───── RECORDS FOR PROCESSING
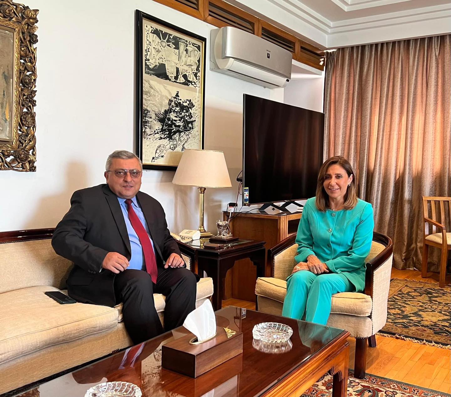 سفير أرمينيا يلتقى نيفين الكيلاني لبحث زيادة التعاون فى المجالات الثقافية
──────────
───── RECORDS FOR PROCESSING
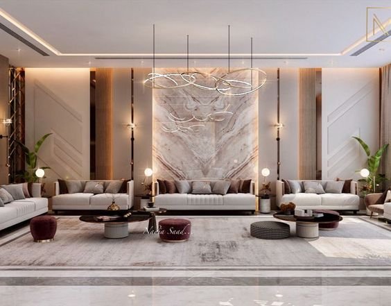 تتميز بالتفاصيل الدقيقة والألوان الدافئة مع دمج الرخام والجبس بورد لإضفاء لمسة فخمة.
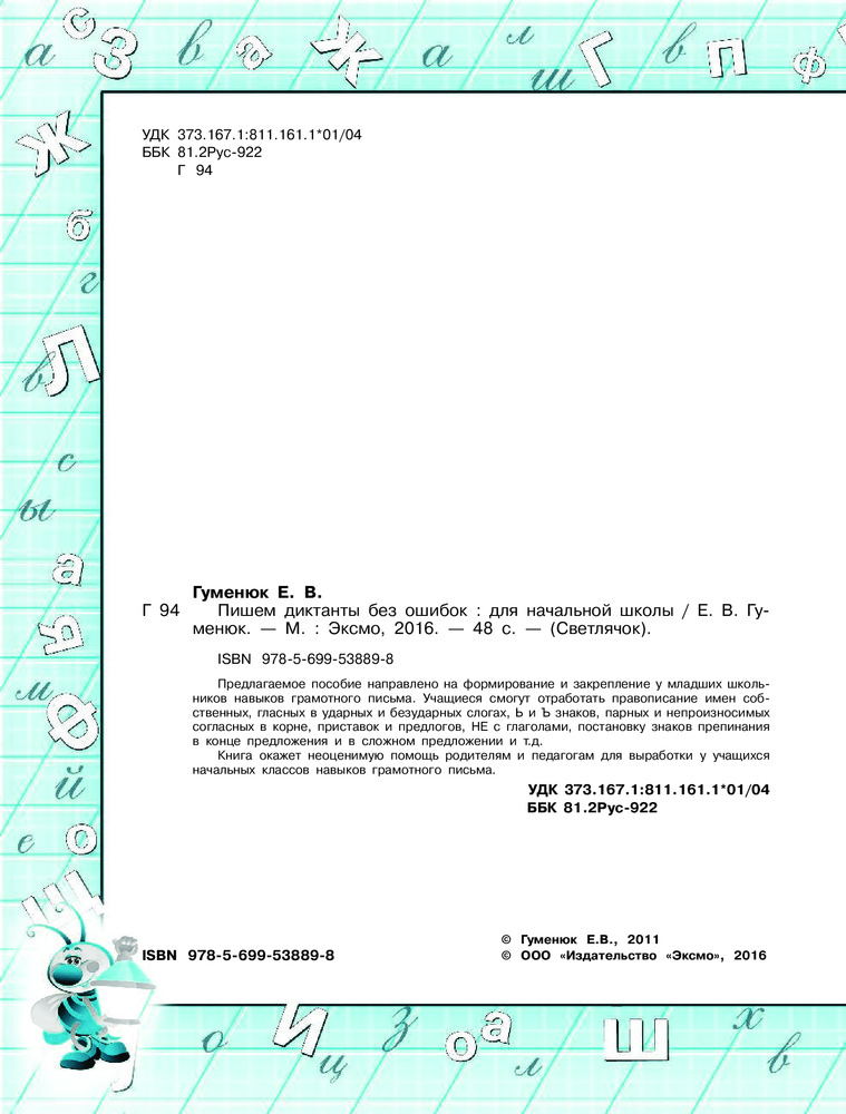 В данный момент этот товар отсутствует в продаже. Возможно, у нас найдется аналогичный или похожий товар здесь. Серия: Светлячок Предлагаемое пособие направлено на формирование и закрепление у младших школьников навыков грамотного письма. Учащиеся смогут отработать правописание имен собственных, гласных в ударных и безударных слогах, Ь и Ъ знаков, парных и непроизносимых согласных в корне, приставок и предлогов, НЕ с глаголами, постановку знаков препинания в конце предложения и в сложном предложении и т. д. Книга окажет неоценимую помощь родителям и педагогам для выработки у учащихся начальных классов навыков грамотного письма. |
──────────
- _EXERCISE GOAL_: Take the material above from the line bearing "تتميز بالتفاصيل الدقيقة" through the line bearing "В данный момент" and write it out exactly, both end lines included. Pictures stay out.

- _SOLVED PROBLEM_:
 تتميز بالتفاصيل الدقيقة والألوان الدافئة مع دمج الرخام والجبس بورد لإضفاء لمسة فخمة.
 В данный момент этот товар отсутствует в продаже. Возможно, у нас найдется аналогичный или похожий товар здесь. Серия: Светлячок Предлагаемое пособие направлено на формирование и закрепление у младших школьников навыков грамотного письма. Учащиеся смогут отработать правописание имен собственных, гласных в ударных и безударных слогах, Ь и Ъ знаков, парных и непроизносимых согласных в корне, приставок и предлогов, НЕ с глаголами, постановку знаков препинания в конце предложения и в сложном предложении и т. д. Книга окажет неоценимую помощь родителям и педагогам для выработки у учащихся начальных классов навыков грамотного письма. |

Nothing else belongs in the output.